Because during the phase of contact between the electrode 14 and the interface of the workpiece 34 of the If the circuit is interrupted, a short-circuit between the electrode, which reduces the efficiency, will result 14 and workpiece 34 avoided.

The initially directed between workpiece 34 and electrode 14 arc would as soon as the electrode 14 has cut deeper into the workpiece 34, circulate around the electrode 14, since a plasma is built up between it and the workpiece 34 enclosing it except for the cut will. In order to avoid this and the resulting loss of performance, the compressed air or gas jet 42, which passes through the workpiece cut along the electrode 14, the resulting gas ions, which only through their electrical conductivity the formation and existence Allowing an arc to be continuously washed away, which is why the arc does not go around the electrode 14 can circulate, but remains directed between it and the respective interface.

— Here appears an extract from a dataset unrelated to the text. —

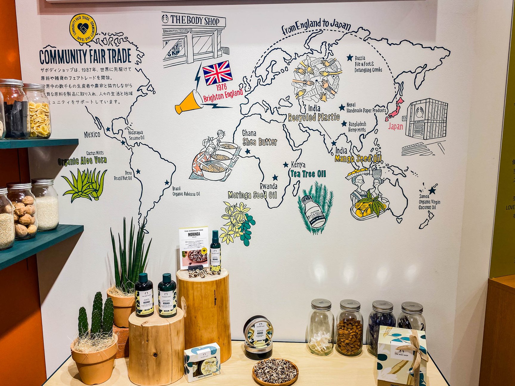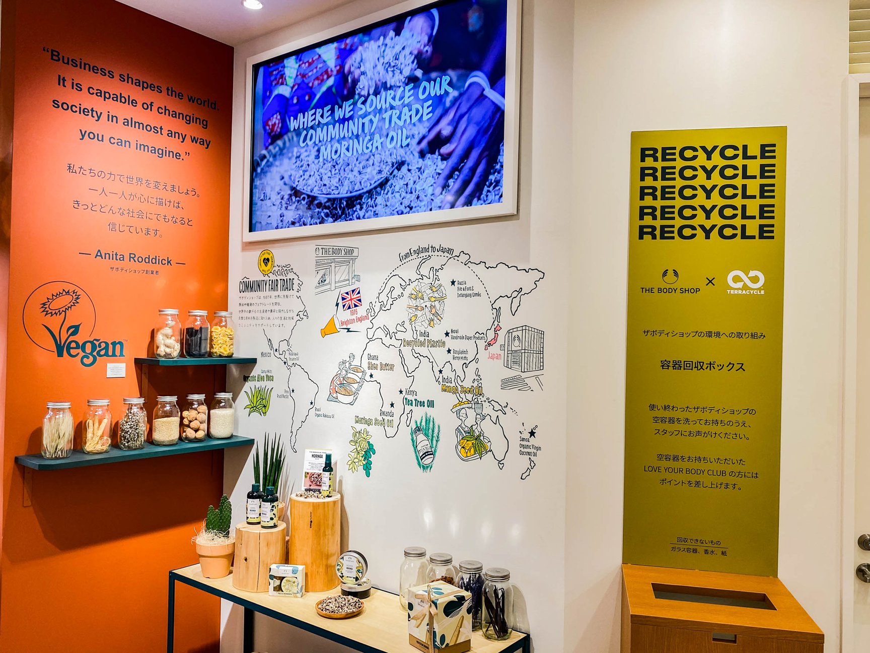 さらに、東武池袋店のオープンと同時に、テラサイクルジャパンと共同で使用済み容器の回収プログラム「RETURN. RECYCLE. REPEAT.」を始動。プラスチック・アルミ製の空容器を回収し、消費者の参加によってリサイクルの輪を広げる考えだ。容器回収プログラムは今後、表参道店、新宿店、渋谷店でも順次導入する。このほか、店内に「ブランドストーリーハブ」と称したエリアを設け、ブランドが取り組んできたコミュニティフェアトレードのストーリーをより分かりやすく発信している。「初めはサステナビリティの視点で選ぶわけではなくても、購入した商品がエシカルなサイクルで生産されていて結果的に環境負荷の削減に参加していることになる。当店の商品や取り組みを通じて、環境について考えるきっかけとなればと思う」と杉山ストアマネージャー。

By pivoting the frame 26 about the axis 44 it is achieved that metal sheets without post-treatment Immediately with bevel and mitred profiles or cut with bevel can be.

Experimental setup as an example

In an experimental arrangement, similar to that in Fi g. 1 shown was for a roller diameter of 875 mm worked with a smooth, endless, round steel wire as an electrode. The wire diameter was 2.5 mm. The peripheral speed of the rollers and thus the electrode speed was 50 m / s. The vibration amplitude, caused by the two guide rollers, was 0.8 mm while the frequency reached about 10 Hz. The transformer supplied for machining of the workpiece a current of 220 A at a voltage of 32 V. A workpiece was made Chrome-nickel steel (9% nickel, 18% chrome) cut that was 11mm thick. The cutting speed was approx. 25 mm / s. The workpiece did not show any tarnish on the cut edges. It had about 30 seconds after the cut in the area of the

2 »Cut edges still have a temperature of 40 ° C. The Cut edges were straight. The roughness of the cut was about 50 μ. There were straight lines and Curves cut to a minimum diameter of 4 mm.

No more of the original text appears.